Table of Content:
- Origin of problem
- Internet Revolution 1.0 and 2.0
- Future Outlook and ongoing projects
Back in 2018, I used to work as an ML engineer/data scientist at a last mile delivery startup in India (similar to DoorDash / Postmates here). Some of our hardest projects in the team used to involve a ton of geocoding data and using ML to solve operational issues related to that.
In this blog, I'll be talking about the unique challenges of geocoding Indian addresses nomenclature and how it became one of the harder problems to solve for e-commerce companies in India. The addresses in India are as subjective and verbose as they can get. Couple of examples:
There were more problems than just this:
- Places adjacent to each other might chose to use extremely different nomenclature.
- Common to miss city names / pin codes or even street names.
- People wouldn't know their pin codes and would frequently put it incorrectly.
Origins of the problem:
Due to non-uniformity in language (topic for another day), decentralised city planning (more like no city planning 🥲) and rampant growth in the last few decades, this challenge has only increased.
Pre-internet, and even now, most of India's postal system depends on the govt. service India Post. Fun fact: it is the most "loss-making" public organisation in India, making a loss of ~$2.4B against a revenue of $1.4B in 2022-23. They have the highest "pincode coverage" (zipcode equivalent) and in efforts to making every part of the country accessible by post, they have had to invest in building post offices at a lot of places which would never make any financial sense.
Internet Revolution v1.0 -- E-commerce Deliveries:
Around 2007 was when Indian e-commerce world started to get picked up. A lot of it was with the launch of startups like Flipkart (bought by Walmart for $16B), Amazon's India entry.
While they tried to promise 1-2 day deliveries, last-mile deliveries were really hard for these businesses and became a moat for companies who could deliver fast. ~Upto 30% of shipments required phone call with customers to coordinate the last mile delivery. (anecdotal evidence from during my work, no proof).
A lot of effort was spent by logistics startups in the ecosystem to improve on the address mapping and it was still kind of non-trivial.
We worked extensively on Geocoding in the startup but not always with great success. One of the bigger successes was for the pin code misclassification identification (using Named Entity Recognition) -- basically being able to flag before the last mile delivery is initiated if the address is mapped to the wrong pin code. But as you might expect, even this involved significant amount of human-in-the-loop training.
Internet v2.0 -- Hyperlocal & On-demand services -- Onset of GPS:
Similar to other countries, the Indian on-demand economy boom has been real. I would actually go ahead and say that it has been crazier than other markets (because of some regional economic reasons).
As you might expect, ride hailing (Uber, Ola) are kind of essentials in most major cities. But what more?
- Bike taxi (Motorcycles): Rapido helps you get picked and dropped on a motorcycle
- P2P deliveries: You can get a forgotten key delivered from your house to office (~5 miles away) in 20 minutes & $1.
- Hyperfast commerce: You can also order groceries at your home worth $3-4 for almost no delivery fee in 10 minutes.

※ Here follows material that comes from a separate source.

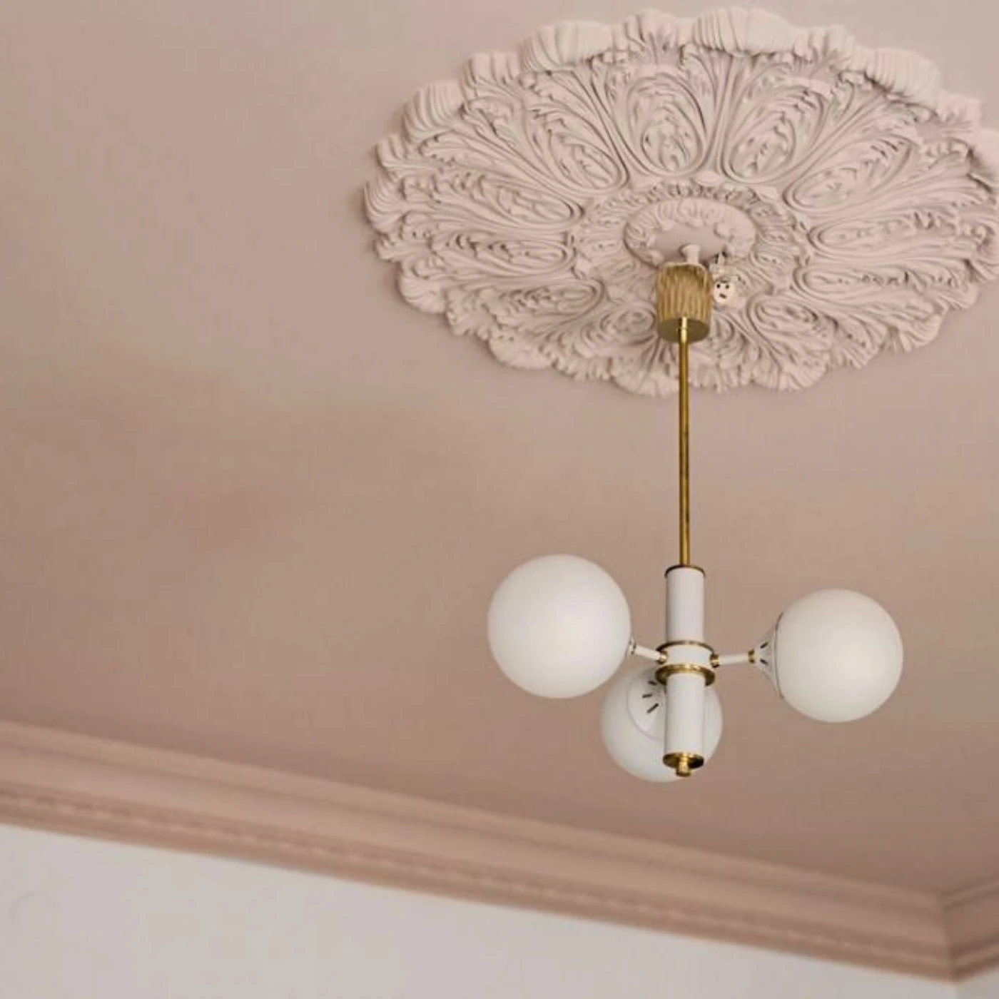 Centralna strefa przygotowana pod montaż oświetlenia – eleganckie wykończenie żyrandola lub lampy.

The leading companies in the market are doing > 3-4M deliveries every day already (possibly more). The revenue per order is lower but scale of operations is phenomenal. GPS was a real unlocker in this segment.
With access to accurate GPS locations, the delivery partner / cab would at least reach within 100 metres radius of your house and then call you! Now, here's a screenshot of when you try to add an address in swiggy: (just look at the amount of information they collect to tackle the problem -- GPS + landmark + voice instruction + text instruction)
We always used to push that e-commerce companies should mandate or ask for GPS (in their mobile apps) but we never really saw it happen, even when they could easily do it and save so much of operational hassle / cost.
I am positive that this problem will be solved largely for the metropolitan areas in the next decade for 2 reasons:
(a) Tech innovations -- Similar to our project at Shadowfax, there are similar projects that internal ML teams at other scaled tech logistics companies have spent energy to solve. Also, saw a startup that's trying to solve this problem (honestly, this was the trigger for this write up).
(b) There are a lot of ongoing projects to standardise nomenclatures -- both government driven and private / non-profits driven. These are really hard to execute and operationalise at scale like India's. There have been a lot of hard failures in this space but I'm hopeful some of these projects scale up. In case you're interested, this is an Indian govt project and this was a study of some private efforts (although I'm honestly skeptical of non-govt enforced initiatives as the incentive alignment problem is really hard here).
I have many more ideas in my head about the unique learnings from building, working and investing in startups in India that I'd love to share. If you enjoyed reading this, do let me know!